• ‘Red shirts’ prepare to protect Yingluck

    Pro-government Thai Red Shirt supporters practice self-defense in the camp of “Democracy Protection Volunteers” in Udon Thani province, northeastern Thailand on Friday. AFP PHOTO

    Pro-government Thai Red Shirt supporters practice self-defense in the camp of “Democracy Protection Volunteers” in Udon Thani province, northeastern Thailand on Friday. AFP PHOTO

    UDON THANI, Thailand: With a flurry of punches and kicks, hundreds of Thai “Red Shirts” undergo self-defense drills as they mobilize to protect the embattled government, stoking fears of a dangerous new phase of civil conflict.

    While far from a battle-ready militia, the ranks of sun-weathered rice farmers brim with determination to prevent opposition protesters in Bangkok toppling Prime Minister Yingluck Shinawatra.

    Drawn from the poor but populous north and northeast, the Red Shirts broadly support ousted former premier Thaksin Shinawatra—Yingluck’s elder brother.

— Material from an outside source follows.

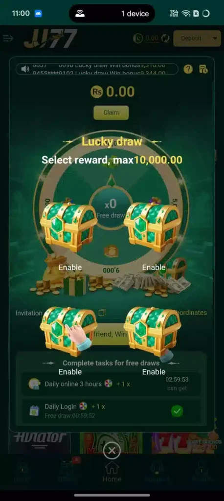 The platform also offers lucky draw or lottery-style games. Players can participate in draws for a chance to win cash prizes. These games are based on luck and provide excitement along with earning opportunities.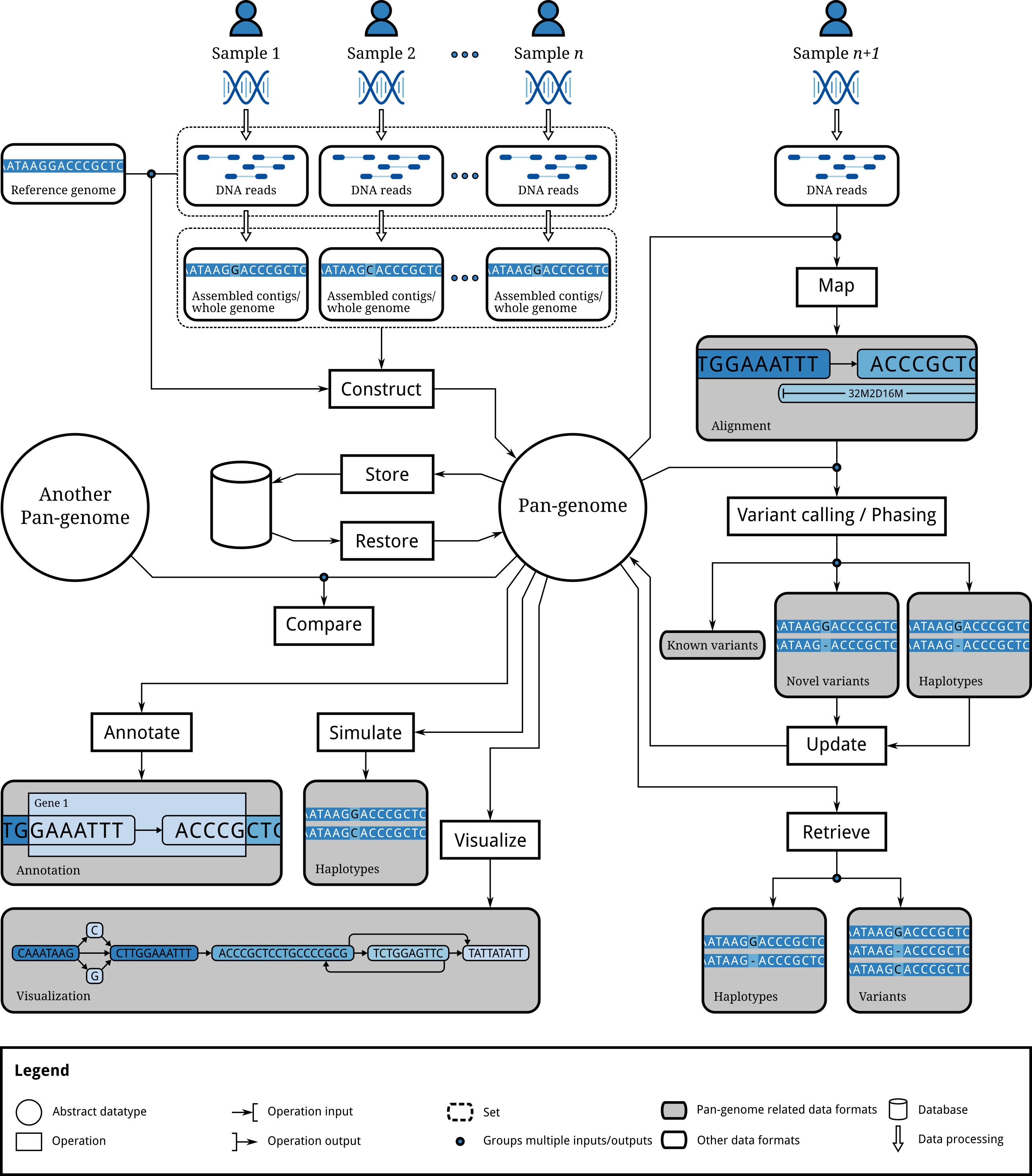- Constructing, updating, indexing and compressing pan-genome graphs (Work Package 1),

    Their rhetoric has crescendoed over the last few weeks, matching an intensifying barrage of legal challenges that could lead to Yingluck’s removal from office.

    In anticipation of her fall, the Red Shirts say they will bring hundreds of thousands of supporters to a Bangkok suburb on Saturday for a two-day rally.

    The move looks likely to raise the stakes in a six-month political crisis that has left 24 people dead and hundreds wounded in grenade attacks and shootings, often targeting protesters.

    A military crackdown on Red Shirt rallies in Bangkok against the previous government in 2010 left scores dead and parts of the city’s commercial center smoldering.

    The backdrop is an eight-year struggle between a royalist establishment— supported by the judiciary and the military—and Yingluck’s family, which has traditionally enjoyed strong support in the northern half of Thailand.

    Lion hearts
    “We have lion hearts . . . we are real fighters,” local Red leader Kwanchai Pripana told Agence France-Presse on the sidelines of the training camp in the movement’s heartland of Udon Thani on Thursday.

    At the camp, around 500—mainly middle-aged—men and women gamely rehersed Muay Thai boxing moves and parade drills despite the sapping heat.

    They have shed their red T-shirts for new black uniforms, in symbolic mourning over a court decision to nullify a February general election disrupted by protesters.

    Kwanchai said 40,000 volunteers have already signed up to act as guards for Red Shirt protests, with several further rounds of training planned across the northeastern region of Isaan.

    “We are building our strength to learn how to defend ourselves,” he said, stressing the volunteers would be unarmed.

    “If they kill us this time, when one dies, one thousand Red Shirts will be born,” he added.

    Kwanchai was shot several times at his home in January in what was believed to have been a politically motivated attack. He now periodically needs a wheelchair and has limited use of his right arm.

    Still, with fellow firebrand Suporn Attawong—dubbed “Rambo Isaan”— he organized the training camp for the “Democracy Protection Volunteers.”

    Without a swift cooling of tempers on both sides of Thailand’s bitter divide, analysts warn more violence lies ahead.

    If Yingluck falls, the Red Shirts could seize official buildings and block roads in their strongholds, potentially prompting the army to act to restore order, according to Matthew Wheeler of the International Crisis Group think-tank.

    “The prospects for the country look grim in the near term. People feel it’s going to get worse before it gets better,” he added.

    Observers say the Shinawatra family has been holding back its trump card to use in the event Yingluck falls.

    She faces neglect of duty charges linked to a loss-making rice subsidy scheme and allegations of abuse of power over the transfer of a top security official.

    “Once Thaksin uses the Reds, it may be impossible to control them,” said Paul Chambers, director of research at the Institute of South East Asian Affairs at Chiang Mai University.

    The movement could become “a sort of bucking bronco,” he added.

    Thaksin, a billionaire tycoon-turned-politician, fled overseas in 2008 to avoid jail for a corruption conviction, but he is seen as pulling the strings behind his sister’s premiership and is accused by opponents of nepotism and rampant corruption.

    His critics say he uses taxpayers’ money to buy the loyalty of rural voters through populist policies.

    The Red Shirts fear that the political and economic clout they have gained since Thaksin’s emergence in 2001 will now be taken away by Thailand’s wealthy establishment.